E poi vediamo cosa dice Francesco di se stesso quando viene abbandonato da Marianna:

“ L’amore non si rivela con i protocolli, con documenti autografi, con carte bollate. Chi crede a queste fesserie, chi dà fede ai documenti di un matrimonio o alle lettere appassionate è un illuso, nei casi più felici è consapevolmente illuso.

La passione amorosa è una vibrazione indefinibile che riscalda il corpo, che fa sentire suoni, che fa vedere immagini. Nessuno può avere la pretesa di arrivare a comprendere pienamente i suoi movimenti complessi, le sue costruzioni, le sue involuzioni, le sue cadute.

Uscire la mattina, andare a lavorare, timbrare il cartellino…tutto era diventato insopportabile. Non ne comprendevo il senso, la mia anima anarchica venne fuori e mi riportò ai miei vissuti adolescenziali, quando mi sentivo oltre il meccanismo e non volevo entrarci: lavorare, pagare l’affitto e le bollette, lavorare, pagare le rate della macchina e fare una gita fuori porta, lavorare, scopare, lavorare. Non ci volevo entrare dentro il meccanismo. Erano parti della mia persona che, ingenuamente, credevo di avere educato attraverso uno sforzo di disciplina, accettare gli orari, accettare le gerarchie, accettare le regole di un mondo che non comprendevo”.

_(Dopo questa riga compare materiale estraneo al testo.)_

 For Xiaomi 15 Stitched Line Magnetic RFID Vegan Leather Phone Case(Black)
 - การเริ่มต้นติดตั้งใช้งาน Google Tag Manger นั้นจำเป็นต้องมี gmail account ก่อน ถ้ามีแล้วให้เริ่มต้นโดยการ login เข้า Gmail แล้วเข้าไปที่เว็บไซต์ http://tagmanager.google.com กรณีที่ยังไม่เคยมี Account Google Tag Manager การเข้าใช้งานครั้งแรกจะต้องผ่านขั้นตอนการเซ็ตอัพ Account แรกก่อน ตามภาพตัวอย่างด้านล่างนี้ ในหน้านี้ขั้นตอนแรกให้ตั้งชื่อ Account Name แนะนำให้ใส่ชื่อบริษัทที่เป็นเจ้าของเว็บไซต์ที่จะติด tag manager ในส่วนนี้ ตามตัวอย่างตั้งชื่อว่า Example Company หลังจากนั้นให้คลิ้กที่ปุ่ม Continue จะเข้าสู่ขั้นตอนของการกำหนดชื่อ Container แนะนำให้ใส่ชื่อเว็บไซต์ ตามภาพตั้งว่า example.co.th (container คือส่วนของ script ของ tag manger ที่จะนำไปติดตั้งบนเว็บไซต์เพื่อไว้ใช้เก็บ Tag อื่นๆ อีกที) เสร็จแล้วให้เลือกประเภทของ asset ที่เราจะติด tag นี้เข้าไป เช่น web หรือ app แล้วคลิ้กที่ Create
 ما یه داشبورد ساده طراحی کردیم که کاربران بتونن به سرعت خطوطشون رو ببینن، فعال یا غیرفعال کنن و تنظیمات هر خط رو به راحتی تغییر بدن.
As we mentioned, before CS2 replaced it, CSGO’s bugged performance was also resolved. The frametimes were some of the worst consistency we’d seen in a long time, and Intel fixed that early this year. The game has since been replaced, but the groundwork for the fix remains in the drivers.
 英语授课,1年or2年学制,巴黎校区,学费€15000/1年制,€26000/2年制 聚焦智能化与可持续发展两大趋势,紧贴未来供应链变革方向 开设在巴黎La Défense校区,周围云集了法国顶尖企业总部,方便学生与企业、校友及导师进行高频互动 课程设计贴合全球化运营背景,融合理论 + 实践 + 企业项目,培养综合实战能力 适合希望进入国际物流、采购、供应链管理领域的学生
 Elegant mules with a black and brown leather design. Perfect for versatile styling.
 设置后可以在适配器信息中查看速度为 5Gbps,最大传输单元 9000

E in questi pensieri c’è tutto Schembri uomo.

Per finire dobbiamo parlare della prosa che, come detto, è pulita e scorrevole, ma la parlata è quella comune che non si usa nei libri.

Schembri fa parlare i suoi personaggi senza infingimenti, come parlano tra loro per cui abbondano gli organi mascolini. Avrebbe potuto farne a meno? Probabilmente sì. Però Schembri dice che i giovani, tra loro, usano questo linguaggio che io chiamo “grasso” e lui non si sente di mettere loro in bocca un altro linguaggio letterario che non usano.

Bisogna apprezzare la schiettezza e la verità come quando la prostituta Isola propone al suo cliente non un atto di amore normale ma la fellatio.

Bella la postfazione di Beatrice Manroj e la copertina che indica il giovane Sciascia con la bocca cucita.

Con questo libro Renato Schemori supera la prova del fuoco e comincia a diventare scrittore a tutto tondo sia per le cose raccontate sia per lo stile usato anche se molto spesso è irriverente.

E’ dura e lunga la strada dello scrivere e Schembri si trova incamminato di buona lena sulla strada giusta.